We are Birdie Care Services Ltd, registered at Companies House under number 10863579.
St James House, 13 Kensington Square, London, United Kingdom, W8 5HD
Our Data Protection Officer can be reached by emailing dpo@birdie.care.
Birdie Care Services plays a dual role when it comes to processing. In some situations, we act as a Controller, in others we are the Processor. When we are a Processor of personal data, we are doing so purely on the instruction of another company (the Controller). If you are a patient or healthcare professional, then that company is likely to be the care provider. To find out more about how your data is protected by them, you should contact them directly.
We are registered with the ICO as a fee payer because we have chosen to appoint a Data Protection Officer. We have a Data Protection Officer because we process a lot of sensitive data on behalf of other companies and we want to ensure that we are protecting your rights and freedoms at all times, in the course of our day to day activities.
Birdie Care Services, does on occasion, act as a Controller. This is only for the data that we process for our day to day internal business operations, as well any technical data that is collected by our app.

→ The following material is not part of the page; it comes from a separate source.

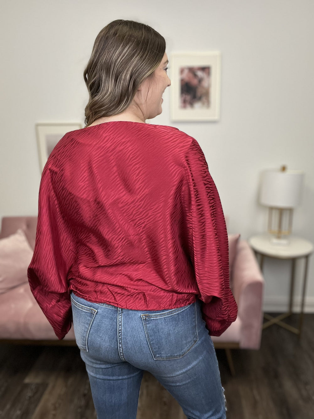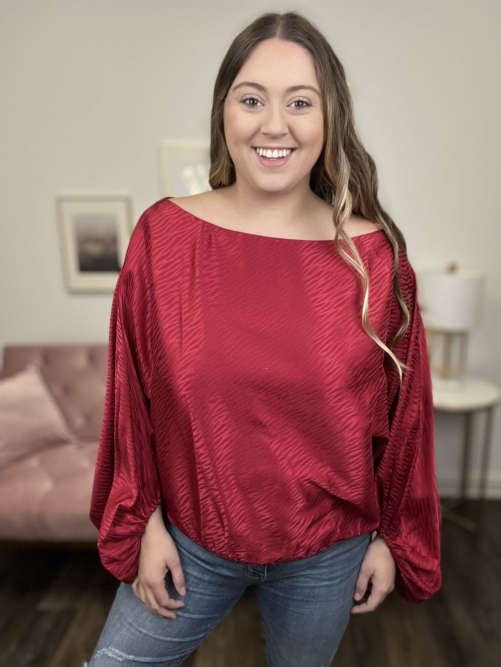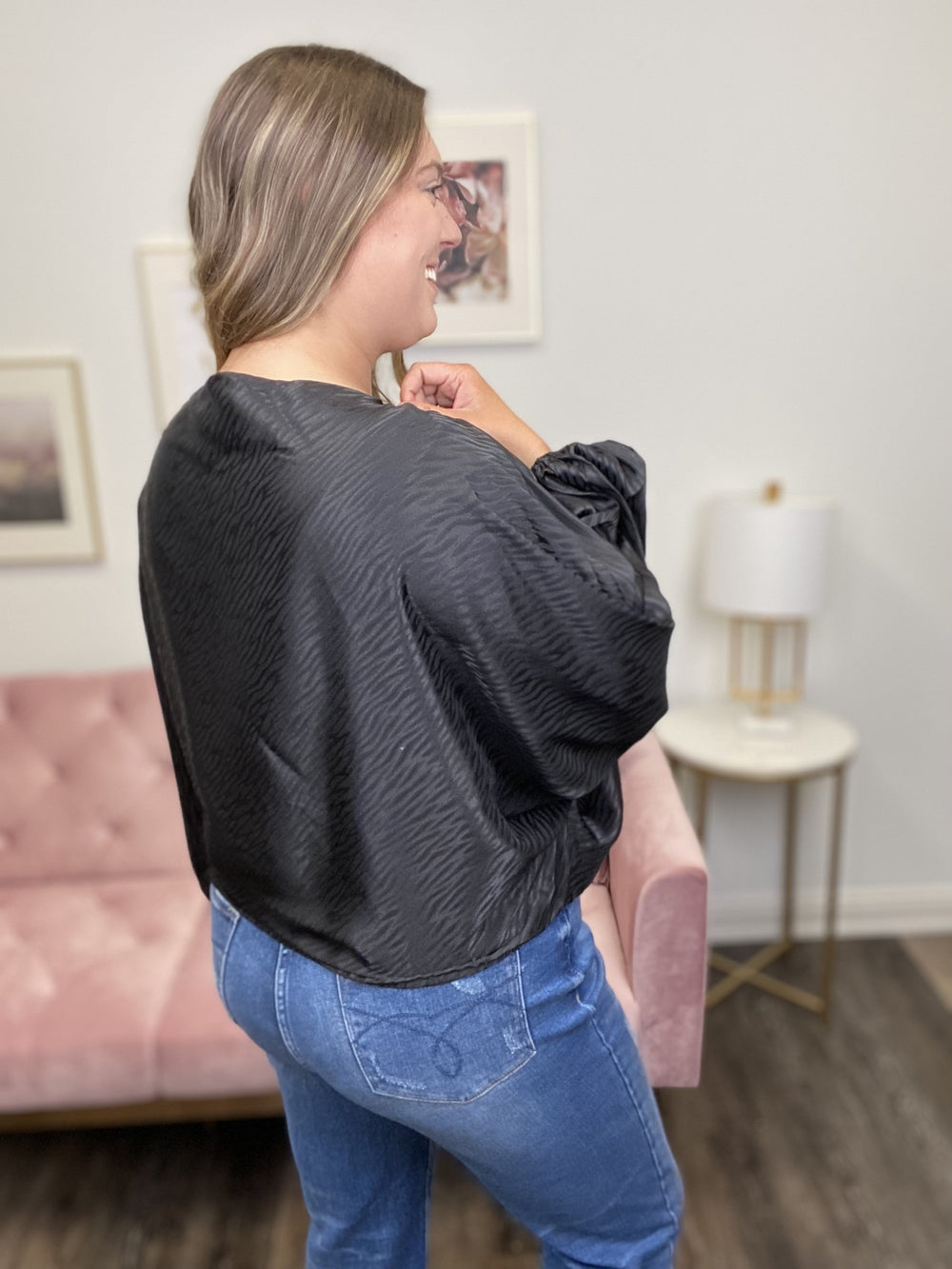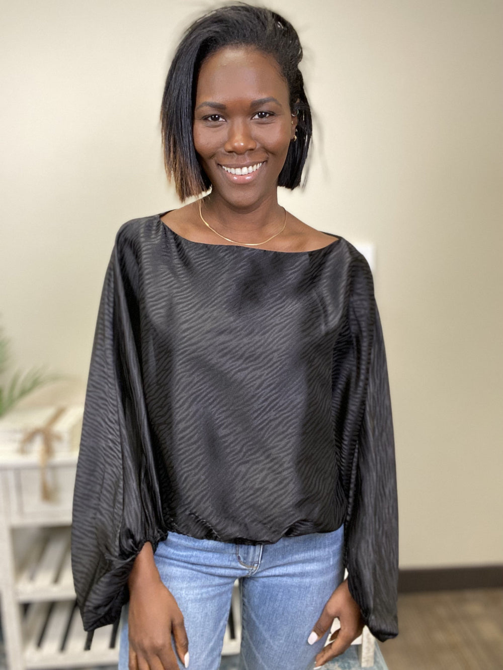 The All Ashore Top by 143 Story is a a beautiful satin zebra print blouse featuring a playable boat neckline, dolman style long balloon sleeves and an elastic waistband. Pair with your favorite denim or skirt for a little extra flirty outfit! The All Ashore Top is perfect for any occasion to dress up or down!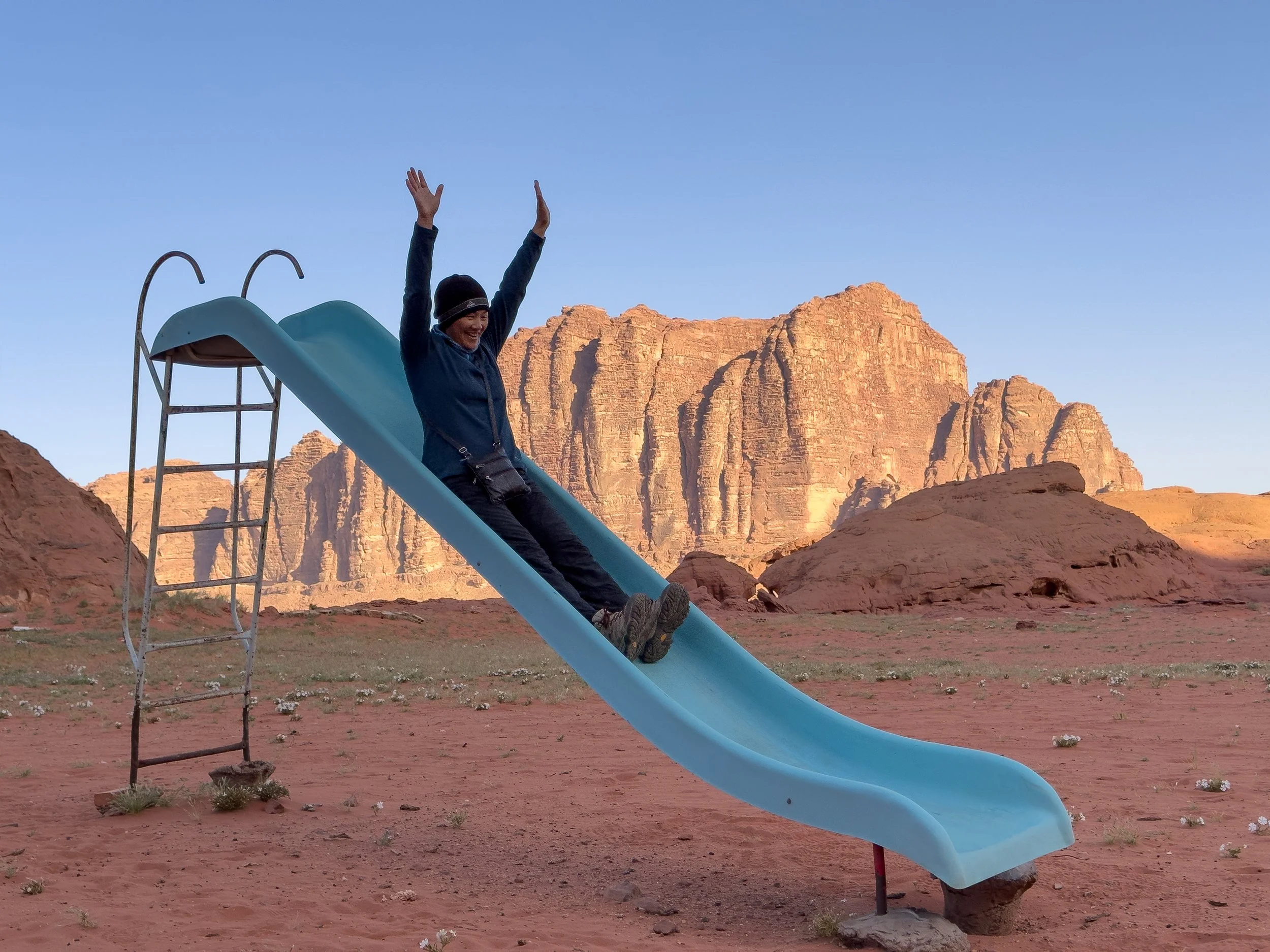 A creaky, old slide with an amazing view in the middle of the desert? How can anyone resist. Definitely not us! We slid down that thing so fast, and the end of the slide shot us out into the air. It was pretty fun.

We only collect the data that we need to carry out a task and do not keep data longer than is necessary. We delete data when it is no longer required for the purpose that we collected it.
This privacy notice refers to the data we process as a Controller only.
We are happy to talk to you about how we process and protect data, just email us dpo@birdie.care.
To see more about how we use your personal data, read the notice or notices which apply best to your relationship with us:
I am an employee of Birdie Care Services Ltd
I am a corporate client (Care Agency)
I am a potential corporate client (Care Agency)
I am a Dementia Support Service User
As a corporate client, we hold the contact and payment details required to carry out our contract with you, manage our relationship and keep you up to date with changes and improvements to our services. This data would have been sourced from you directly.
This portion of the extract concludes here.